The following is a summary of “Celiac Disease Frequency Is Increased in IgE-Mediated Food Allergy and Could Affect Allergy Severity and Resolution,” published in the January 2023 issue of Gastroenterology by Lega, et al.
Severe Immunoglobulin E (IgE) -mediated food allergies (FA) had been linked to an increased prevalence of celiac disease (CeD). The observation has to be verified, and it was uncertain if CeD impacted the severity and resolution of FA. For a study, researchers sought to include estimating the prevalence of CeD in FA patients and determining if CeD impacted the severity of FA and oral tolerance.
Following referrals for allergen reintroduction, either to assess allergy remission or to begin oral immunotherapy (OIT), patients with FA were assessed for CeD and FA severity.

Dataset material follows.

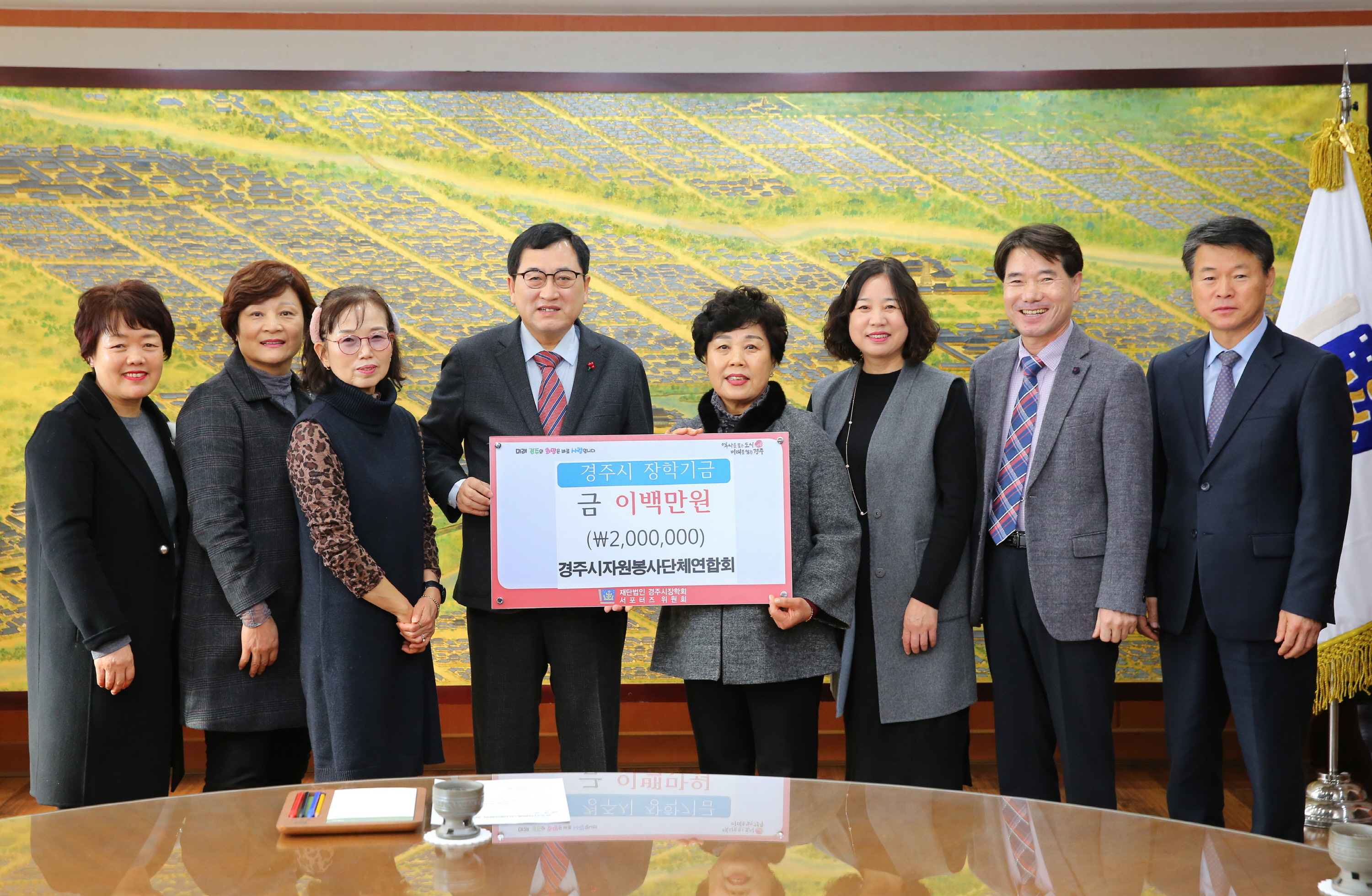 【경주=미디어인경북】 김동철 기자 = 경주시자원봉사단체연합회(회장 김종순)는 6일 미래 경주지역을 이끌어갈 인재육성과 이 지역의 교육발전을 위해 장학금 2백만원을 (재)경주시장학회 서포터즈위원회에 기탁했다.

The prevalence of CeD was the main result. The incidence of severe FA and the degree of clinical tolerance at study entry and final follow-up were secondary outcomes in patients with isolated FA as opposed to individuals with FA + CeD.
Included were 238 patients in all. About 15 patients (6.6%) who had previously been diagnosed with CeD and were following a gluten-free diet had their CeD confirmed. Compared to 88 patients with FA (42%), 12 patients with FA + CeD (80%) had severe FA (P = 0.006). In comparison to patients with FA (20.3 kU/L; IQR 2.9-72.7) (P< 0.001), individuals with FA + CeD had substantially higher median allergen-specific IgE levels at baseline [61.8 kU/L; interquartile range (IQR) 11.6–279.0]. Compared to 98 of 205 patients (48%) with FA, complete clinical tolerance was only seen in 1 of 15 patients (7%) with FA + CeD (P = 0.002).
CeD in individuals with FA and might influence the severity of FA and OIT response. In individuals with severe or chronic FA, CeD screening should be taken into consideration.